Mais c’est toujours en Grèce que la situation demeure la plus préoccupante, dans un climat social qui se détériore jour après jour. Le gouvernement de coalition est soumis à une très forte pression de ses partenaires européens en vue du déblocage du second plan d’aide de 130 milliards d’euros. L’Eurogroupe, chargé de l’entériner, a reporté sa réunion au lundi 20 février.

A ce stade, un accord a été trouvé sur EUR325mn d’économies supplémentaires en 2012 (au prix de la démission de plusieurs membres du cabinet du Premier ministre). Les chefs de file du PASOK et du Parti de la Nouvelle Démocratie ont signé des lettres d’intention les engageant à respecter les décisions du gouvernement actuel, même après les élections générales.

Enfin, un accord avec les créanciers privés était attendu en fin de semaine sur la base d’une participation du FESF à l’échange : un euro d’ancienne dette grecque serait échangé avec une décote de 50% contre 35 centimes de nouvelle dette grecque et 15 centimes de titres du FESEF. Compte tenu de la montée du mouvement contestataire à Athènes et de l’approche des élections, de nouvelles divergences au sein de l’Eurogroupe sont apparues.

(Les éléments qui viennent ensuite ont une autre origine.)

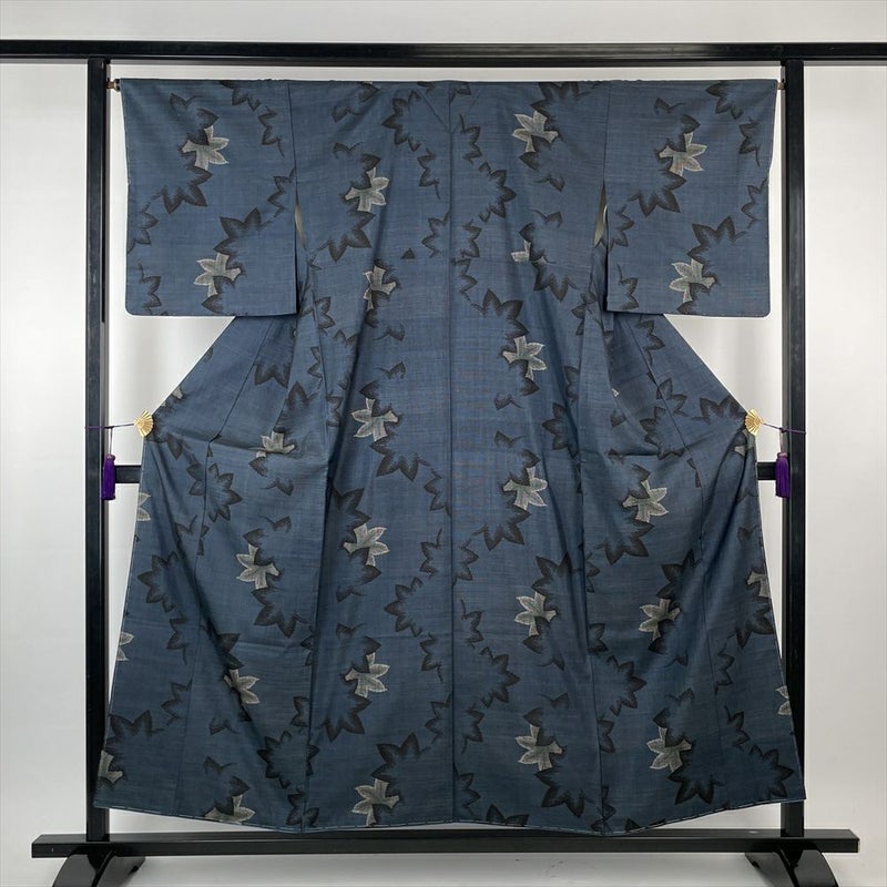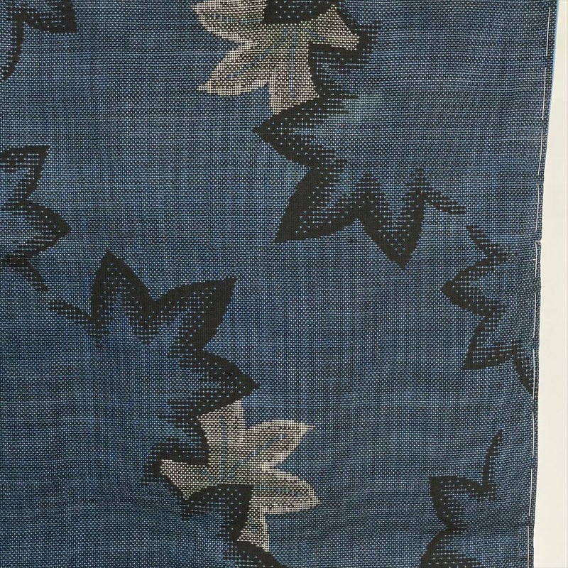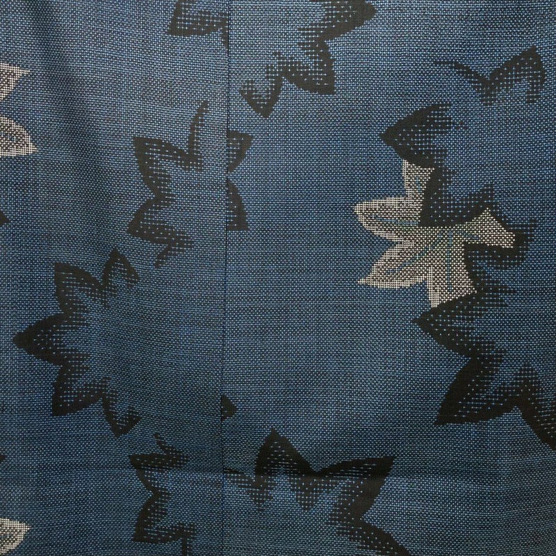 【色柄】青 カジュアル 絣 葉 紅葉

Si la plupart des Etats membres souhaitent renforcer les conditionnalités d’octroi du nouveau plan d’aide, craignant une fois encore que la Grèce ne se soustraie à ses engagements, l’Allemagne, la Finlande et les Pays-bas, particulièrement échaudés par les mauvais résultats du pays, durcissent encore un peu plus le ton. Ils ne veulent pas négocier avant les élections d’avril, afin d’obtenir l’engagement total du prochain gouvernement1. Si tel n’était pas le cas, Berlin évoque même l’idée d’imposer la formation d’un gouvernement de techniciens, inspiré de l’exemple italien, qui assurerait la mise en oeuvre des mesures conditionnelles à l’octroi de nouveaux fonds, les élections étant ajournées sine die. En attendant et en l’absence d’accord, la Grèce devra faire face dès le mois prochain à une tombée d’emprunt (EUR 14,4 mds, le 20 mars). Le défaut pourrait toutefois être évité en puisant dans les fonds inutilisés du premier programme d’aide, soit EUR37mds sur un total de EUR110mds.

NOTES

  1. Le Parti de la Nouvelle Démocratie, avec à sa tête Antonis Samaras, pressenti pour devenir le prochain Premier ministre, mène dans les sondages, avec 30 à 33% d’intentions de vote. Un gouvernement de coalition verrait probablement le jour, scellant une alliance avec le PASOK, qui récolte 8 à 10% des intentions de vote.